• INPUT MATERIAL:

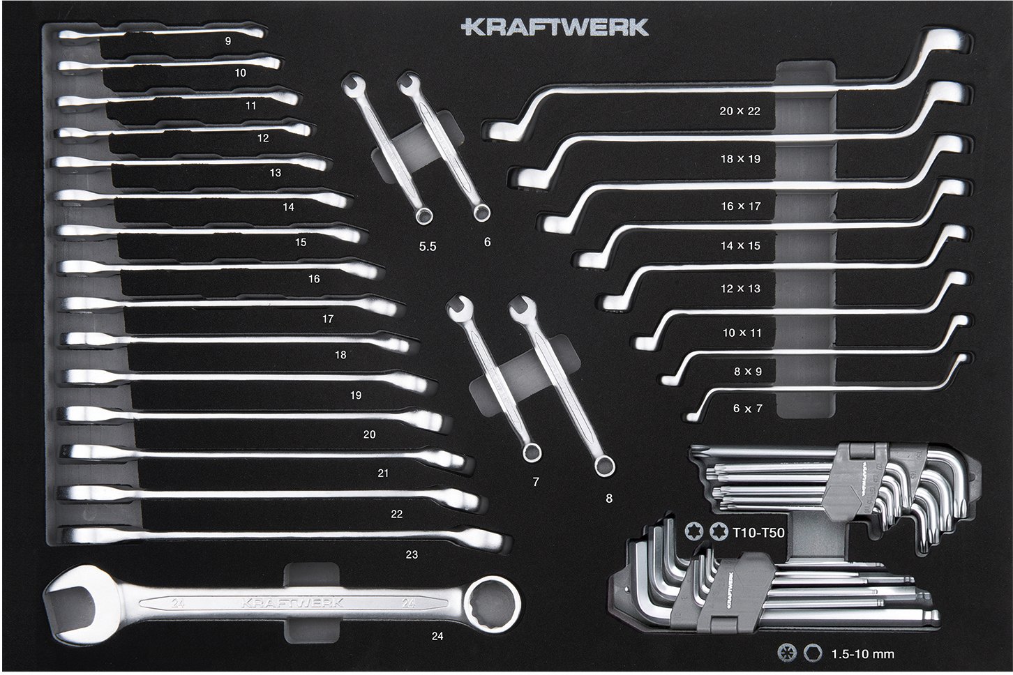 - Kombinuotų raktų rinkinys: 5,5 – 32 mm
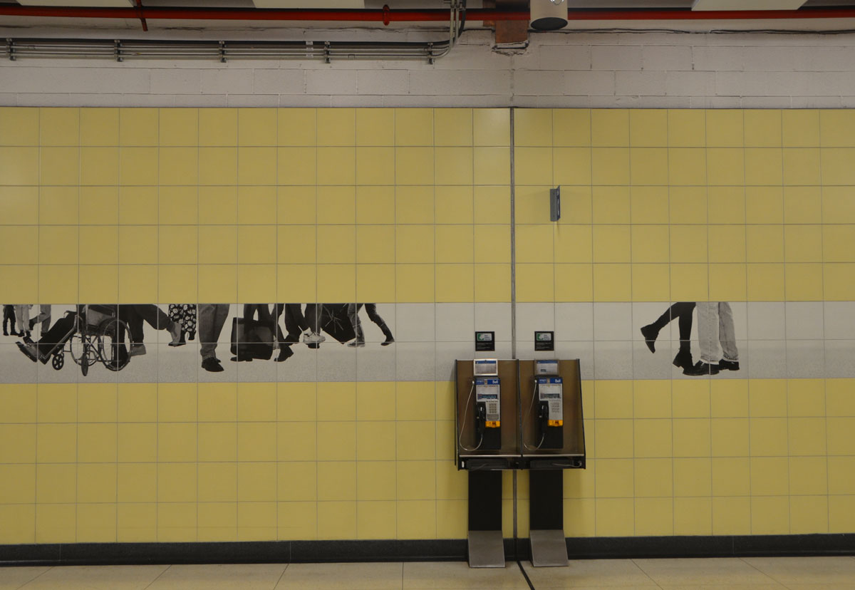 below: The pictures of legs and feet run around the whole concourse level of the station.
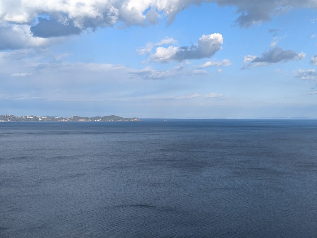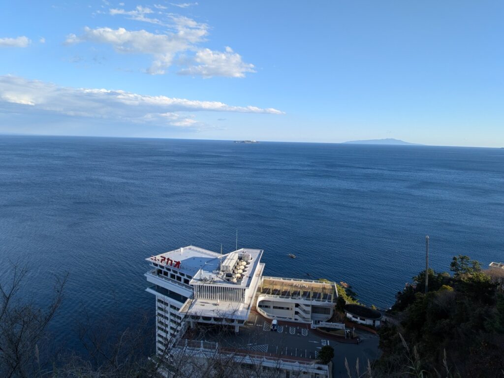 海のほうも見てみます。ホテルニューアカオの向こうには相模灘の水平線が広がっており、初島と、伊豆大島が浮かんでいます。
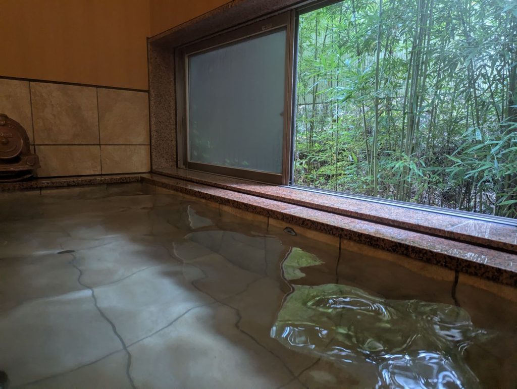 貸し切りの湯船は、おそらく2つあるようで、1つあたり最大で4人くらい入れそうな感じのこじんまりとしたものでした。残念ながら美しい山の景色を見ながらというわけにはいかないけど、庭の緑を眺めながら外のひんやりとした空気を感じながらゆっくりできました。寸又峡のお湯は、びっくりするほどぬるぬるすべすべのお湯で、何度体験してもこの濃厚なとろりとしたお湯には驚かされます。床が滑りやすくて気をつけないと転びそうになります。
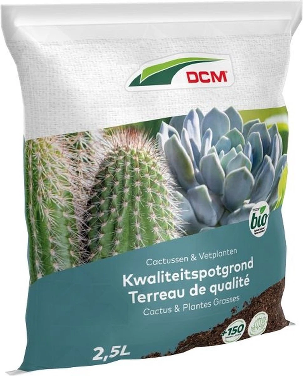 DCM Potgrond Cactussen & Vetplanten behoud zijn luchtige structuur dankzij de toevoeging van lava en zorgt zo voor het behoud van gezonde wortels en een goede drainage. En dat is belangrijk, want cactussen, vet- en rotsplanten houden niet van natte wortels, dus een gewone potgrond volstaat niet. De verhouding tussen lucht en vocht zal perfect geregeld worden. Deze potgrond is organisch bemest om planten alle nodige voedingsstoffen te geven.

• WHAT THIS TASK INVOLVES: With the pictures omitted, repeat the full set of records above exactly.

• RESULT OF THE TASK:
 - Kombinuotų raktų rinkinys: 5,5 – 32 mm
 below: The pictures of legs and feet run around the whole concourse level of the station.
 海のほうも見てみます。ホテルニューアカオの向こうには相模灘の水平線が広がっており、初島と、伊豆大島が浮かんでいます。
 貸し切りの湯船は、おそらく2つあるようで、1つあたり最大で4人くらい入れそうな感じのこじんまりとしたものでした。残念ながら美しい山の景色を見ながらというわけにはいかないけど、庭の緑を眺めながら外のひんやりとした空気を感じながらゆっくりできました。寸又峡のお湯は、びっくりするほどぬるぬるすべすべのお湯で、何度体験してもこの濃厚なとろりとしたお湯には驚かされます。床が滑りやすくて気をつけないと転びそうになります。
 DCM Potgrond Cactussen & Vetplanten behoud zijn luchtige structuur dankzij de toevoeging van lava en zorgt zo voor het behoud van gezonde wortels en een goede drainage. En dat is belangrijk, want cactussen, vet- en rotsplanten houden niet van natte wortels, dus een gewone potgrond volstaat niet. De verhouding tussen lucht en vocht zal perfect geregeld worden. Deze potgrond is organisch bemest om planten alle nodige voedingsstoffen te geven.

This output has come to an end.